The low refractive index layer 42 corresponds to a specific example of “low refractive index layer” in the claims. The high refractive index layer 43 corresponds to a specific example of “high refractive index layer” in the claims. The intermediate refractive index layer 44 corresponds to a specific example of “intermediate refractive index layer” in the claims.

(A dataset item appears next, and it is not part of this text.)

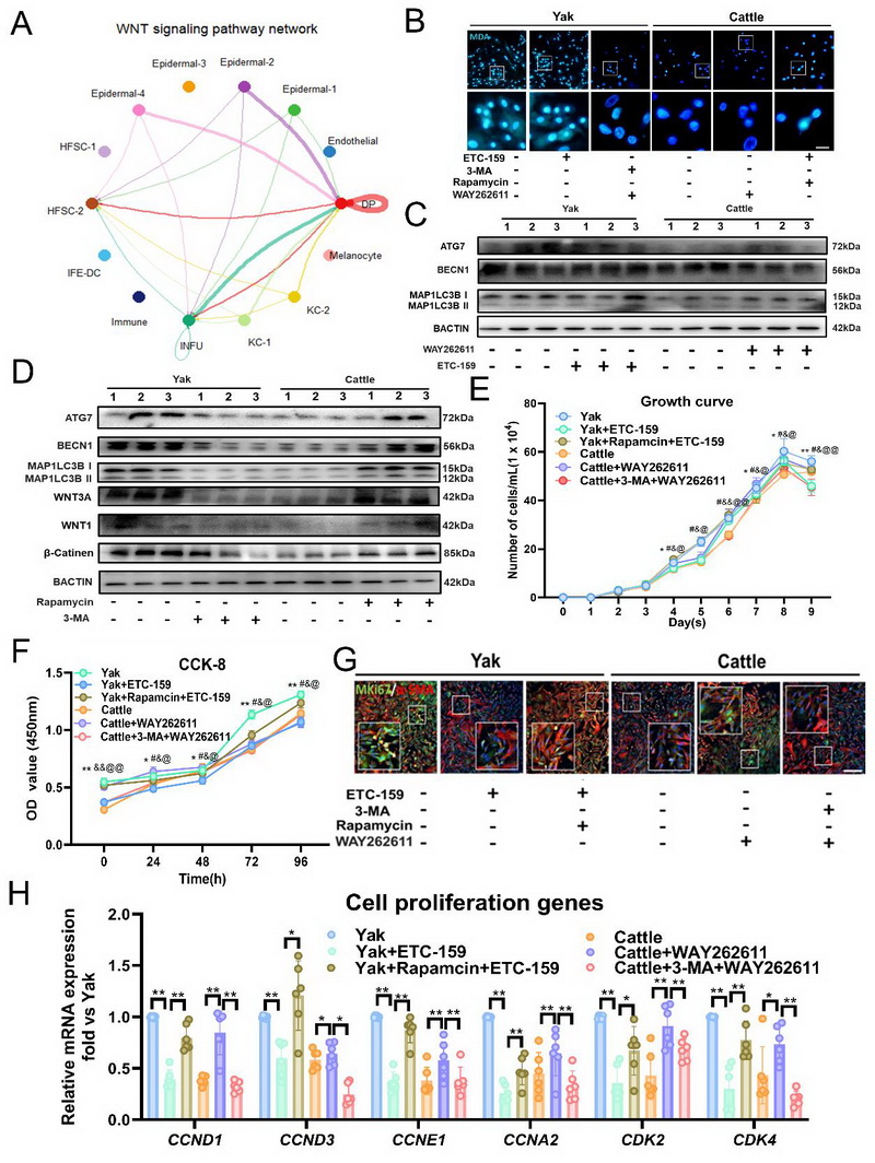 文章代表圖:DP細(xì)胞中自噬與增殖的相互作用由WNT/β-Catenin通路介導(dǎo)。(A)DP細(xì)胞單細(xì)胞數(shù)據(jù)中WNT信號(hào)通路的細(xì)胞相互作用圖。(B)不同處理后牦牛和普通牛DP細(xì)胞的MDA活細(xì)胞染色。(C)牦牛、牦牛+ETC-159、普通牛和普通牛+WAY262611處理組DP細(xì)胞中ATG7、BECN1和LC3I/II的蛋白質(zhì)印跡分析(n=3)。(D) 牦牛、牦牛+3-MA、普通牛和普通牛+雷帕霉素處理組DP 細(xì)胞中ATG7、BECN1、LC3I/II、WNT3A、WNT1和β-Catenin的蛋白質(zhì)印跡分析(n=3)。(E-F)牦牛、牦牛+ETC-159、牦牛+雷帕霉素+ETC-159、普通牛、普通牛+WAY262611和普通牛+3-MA+WAY262611組DP細(xì)胞的生長曲線(n=9)和CCK-8檢測(cè)結(jié)果(n=4)。(G)不同處理組牦牛和普通牛DP細(xì)胞體外培養(yǎng)后PCNA和MKi67的代表性免疫熒光圖像(n=8)。(H)實(shí)時(shí)熒光定量PCR檢測(cè)細(xì)胞增殖相關(guān)基因CCND1、CCND3、CCNE1、CCNA2、CDK2和CDK4的mRNA表達(dá)情況(n=6)

The underlayer 41 is made of a highly stable material that does not adversely affect the rear end surface S2, and is made of, for example, Al ₂ O ₃ . The refractive index of the base layer 41 is, for example, a value between the refractive index of the low refractive index layer 42 and the refractive index of the high refractive index layer 43. The optical film thickness of the underlayer 41 is a thickness adjusted so that the total optical film thickness of the underlayer 41 and the low refractive index layer 42 in contact with the underlayer 41 is λ _C / 4. Here, λ _C is a wavelength larger than λ _A and smaller than λ _B , for example, (λ _A + λ _B ) / 2.

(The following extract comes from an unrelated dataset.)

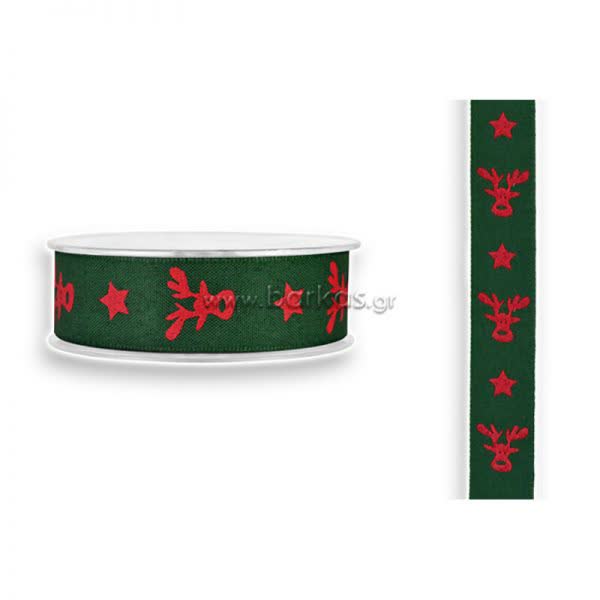 Χριστουγεννιάτικη κορδέλα με ελαφάκι πράσινη.
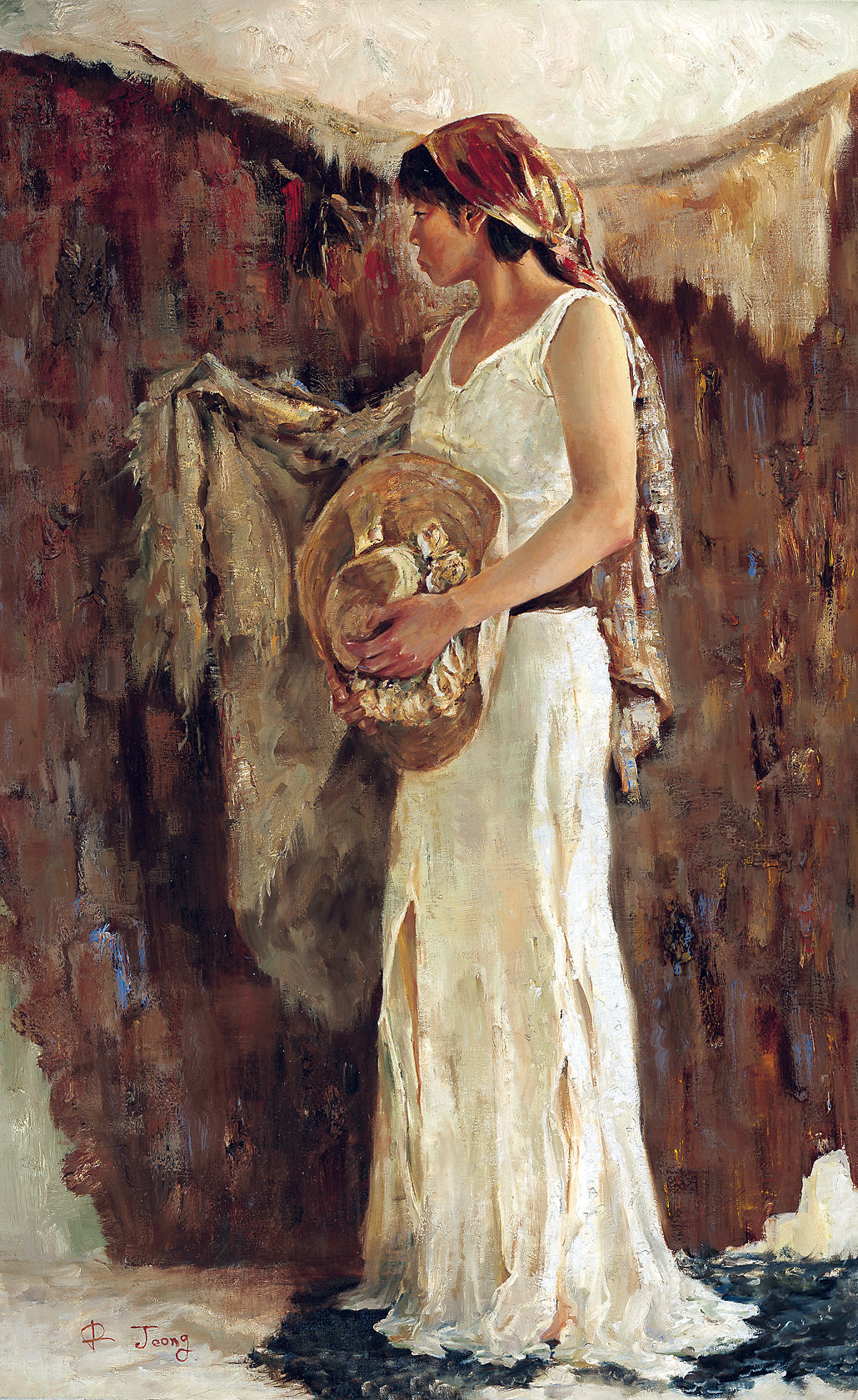 The woman in this painting seems like an echo from the past, a symbol of rural resilience and grace. The artist’s strokes are layered yet soft, weaving warmth into her attire, her hat, and the folds of the fabric she touches. It’s as if each stroke is a tribute to the land and its people, a pastoral narrative frozen in time. There’s a reverence in her gaze, a silent homage to the simplicity and depth of life lived close to the earth.

The refractive index and the optical film thickness of the low refractive index layer 42, the high refractive index layer 43, and the intermediate refractive index layer 44 are as follows.
(When the base layer 41 is omitted)
Refractive index Optical thickness Low refractive index layer 42: n _A λ _C / 4
High refractive index layer 43: n _B λ _C / 4
Intermediate refractive index layer 44: n _C λ _C / 4
λ _A <λ _C <λ _B
n _A <n _C <n _B
(When the base layer 41 is provided)
Refractive index Optical film thickness Low refractive index layer 42 in contact with base layer 41: n _A (λ _C / 4) − (optical film thickness of base layer 41)
Low refractive index layer 42 not in contact with underlying layer 41: n _A λ _C / 4
High refractive index layer 43: n _B λ _C / 4
Intermediate refractive index layer 44: n _C λ _C / 4

Here, the refractive index n _A is a value of 1.4 or more and less than 1.5. The refractive index n _B is a value of 2.0 or more and 2.5 or less. The refractive index n _C is a value of 1.5 or more and 1.7 or less. The low refractive index layer 42 is a SiO ₂ film (refractive index 1.45). The high refractive index layer 43 is a Ta ₂ O ₅ film (refractive index 2.1), TiO ₂ film, ZnO film, HfO ₂ film, CeO ₂ film or Nb ₂ O film. The intermediate refractive index layer 44 is an Al ₂ O ₃ film (refractive index 1.64) or an MgO film.

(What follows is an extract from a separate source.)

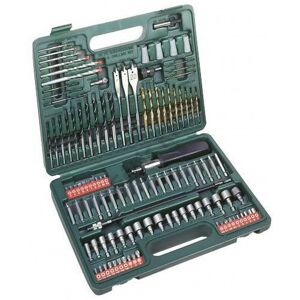 112-piece set consisting of: 1x PH 0, 1, 2, 3 1x PZ 1, 2, 3 1x Torx 10, 15, 20, 25, 27, 30, 40 1x Zeskant 2, 3, 4, 5, 6, 7 1x Gleuf 3, 4, 5, 6, 7, 8 1x Robertson 1, 2, 3 1x PZ 1, 3 Length 50 mm 2x PZ 2 Length 50 mm 1x Torx 10, 15, 20 Lengte 50 mm 1x Hexagon 2, 3, 4, 5, 6 Length 50 mm 1x Gleuf 6, 8, 10, 12 lengths 50 mm 1x Robertson 1, 2, 3 Lengte 50 mm 1x Magnetic Bit Holder with quick change system 1x 1/4 Flexible shank Length 280 mm 1x 1/4" Bit Holder Screwdriver 4x Screw holder 1x 1/4" Countersink 1x Metaal 1.5, 2, 2.5, 3, 3.2, 3.5, 4, 4.5, 4.8, 5, 5.5, 6, 6.5 mm 1x Hout 3, 3.2, 3.5, 4, 4.5, 4.8, 5, 5.5, 6, 6.5, 7, 7.5, 8 mm 1x Steen 3, 4, 5, 6, 8, 10 mm 1x Speed drills 10, 12, 20 mm 1x 1/4" dope bag 5, 6, 7, 8, 9, 10, 11, 12, 13 mm 1x 3/16", 7/32", 1/4", 9/32", 5/16", 11/32", 3/8", 7/16", 1/2" Photo d'illustration>

FIG. 2 shows an example of the configuration of the rear end face film 40. Although two configurations are illustrated in FIG. 2, each example illustrates a case where three layers each including the low refractive index layer 42 and the high refractive index layer 43 are stacked. Yes. In the upper example of FIG. 2, the base layer 41 is made of Al ₂ O ₃ , the low refractive index layer 42 is made of an SiO ₂ film, the high refractive index layer 43 is made of a Ta ₂ O ₅ film, and intermediate refraction. The rate layer 44 is composed of an Al ₂ O ₃ film. On the other hand, the lower example in FIG. 2 is obtained by omitting the base layer 41 in the upper example in FIG. In the lower example of FIG. 2, the low refractive index layer 42 is in direct contact with the rear end surface S2.

[Production method]
The two-wavelength semiconductor laser device 1 having such a configuration can be manufactured, for example, as follows.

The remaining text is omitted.